As the monetary policy committee met, a new set of data showed that inflation may accelerate further in the coming months. Ghana’s producer prices in July jumped 41.2%, the fastest pace in eight years. The worsening economic situation may spur the central bank to raise its policy rate by 200 basis points to 21% Wednesday, according to predictions by economists at Goldman Sachs Group Inc.  

There’s a “meaningful upside risk to this forecast, given the extent of FX and domestic financing pressures,” Goldman Sachs economists, Bojosi Morule and Andrew Matheny, said in a note to clients on Tuesday.

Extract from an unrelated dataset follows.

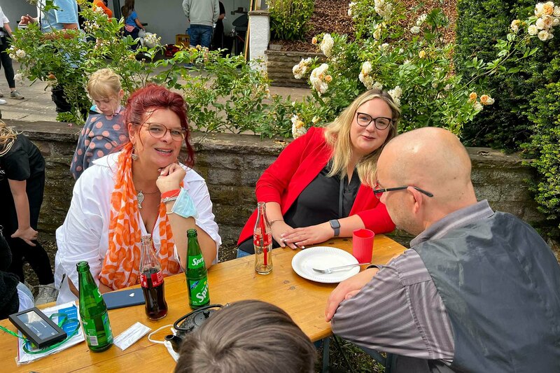 Nach dieser gelungenen Eröffnungsfeier mit dem anschließenden Sommerfest haben die Kolleginnen und Kollegen gemeinsam mit Herrn Bornemann und Frau Louis noch zusammen gesessen und waren ganz "berauscht" von diesem gelungenen Fest, den tollen herzlichen Gästen, der Hilfsbereitsschaft seitens der Eltern und Familienangehörigen, der aktiven fleißigen Unterstützung der Hauswirtschaftskräfte sowie unseres Hausmeisters und natürlich der eigenen Mitarbeitenden der SGA-Flex.

Ghana approached the International Monetary Fund for a loan earlier this year following the cedi’s incessant depreciation and accelerating inflation.  

The emergency meeting comes after regulators in Ghana announced Monday that water and electricity tariffs will rise 22% and 27% respectively starting next month. Those increases will add to the deteriorating inflation outlook in Ghana, said Absa Group Ltd. analyst Ridle Markus. 

The Bank of Ghana is the second in sub-Saharan Africa after the Bank of Uganda to hold an emergency meeting since Russia’s war with Ukraine erupted in February.